→ What to do
Would you please return the lines of the entries below starting at the line that has "5. your own health/safety responsibilities" and ending at the line that has "3. В раздел", both included, exactly as they are?

→ Material for the task

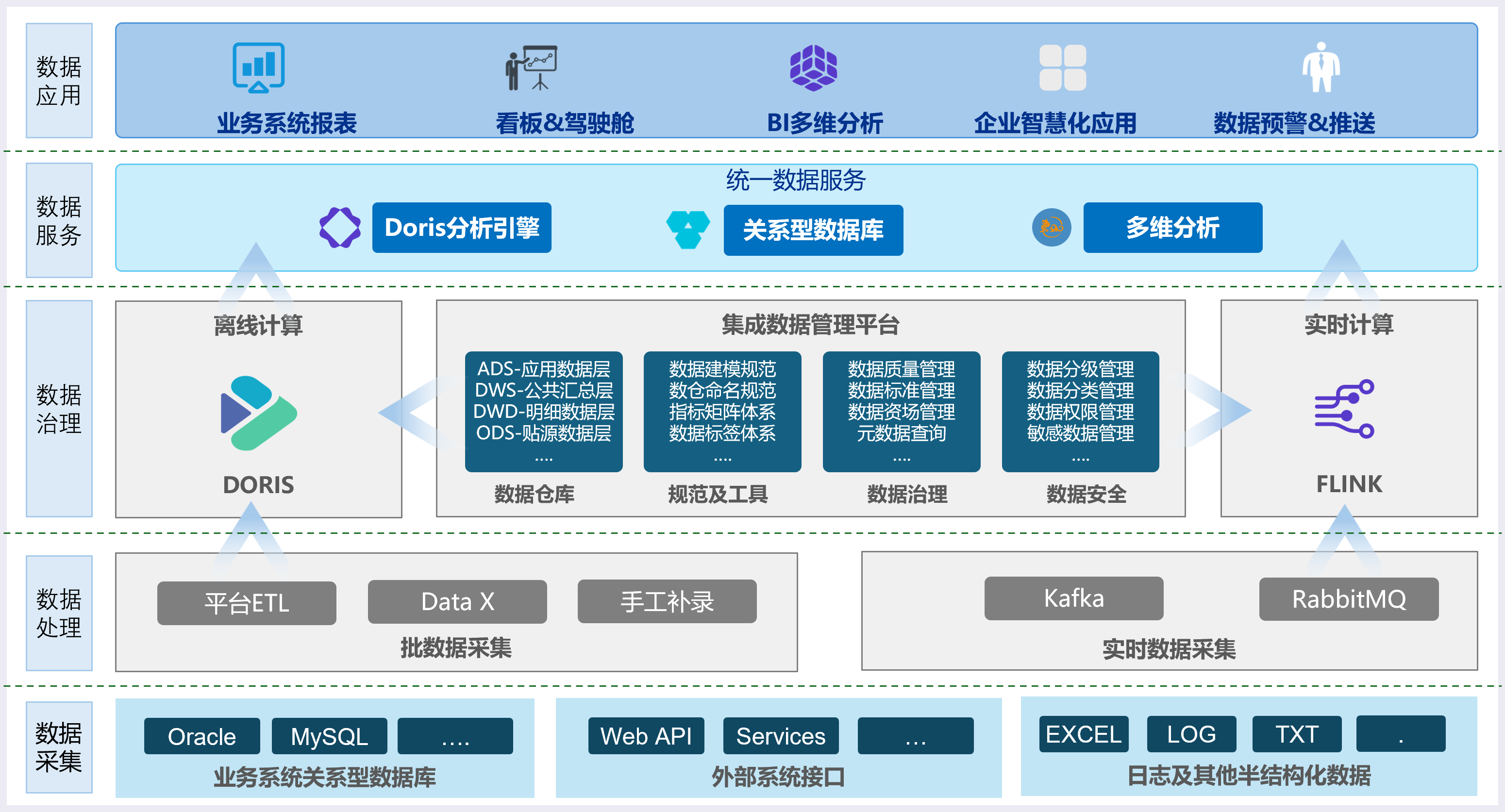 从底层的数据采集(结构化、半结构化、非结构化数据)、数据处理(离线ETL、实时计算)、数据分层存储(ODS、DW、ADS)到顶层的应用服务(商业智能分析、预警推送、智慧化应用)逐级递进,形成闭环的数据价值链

--

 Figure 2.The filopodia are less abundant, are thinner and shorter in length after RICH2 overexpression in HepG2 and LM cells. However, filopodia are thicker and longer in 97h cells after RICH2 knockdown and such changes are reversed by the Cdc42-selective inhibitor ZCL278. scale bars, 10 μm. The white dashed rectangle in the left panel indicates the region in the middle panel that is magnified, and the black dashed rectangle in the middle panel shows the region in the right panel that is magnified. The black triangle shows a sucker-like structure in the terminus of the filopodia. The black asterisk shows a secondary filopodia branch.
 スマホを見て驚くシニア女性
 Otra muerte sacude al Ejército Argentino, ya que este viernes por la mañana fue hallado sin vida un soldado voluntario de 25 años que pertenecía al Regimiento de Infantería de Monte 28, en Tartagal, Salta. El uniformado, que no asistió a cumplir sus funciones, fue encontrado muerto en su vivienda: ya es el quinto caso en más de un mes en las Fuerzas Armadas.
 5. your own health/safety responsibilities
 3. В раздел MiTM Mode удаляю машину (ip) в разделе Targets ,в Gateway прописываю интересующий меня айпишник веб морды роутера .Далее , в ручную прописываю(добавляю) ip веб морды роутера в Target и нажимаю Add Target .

→ Output for this task
 5. your own health/safety responsibilities
 3. В раздел MiTM Mode удаляю машину (ip) в разделе Targets ,в Gateway прописываю интересующий меня айпишник веб морды роутера .Далее , в ручную прописываю(добавляю) ip веб морды роутера в Target и нажимаю Add Target .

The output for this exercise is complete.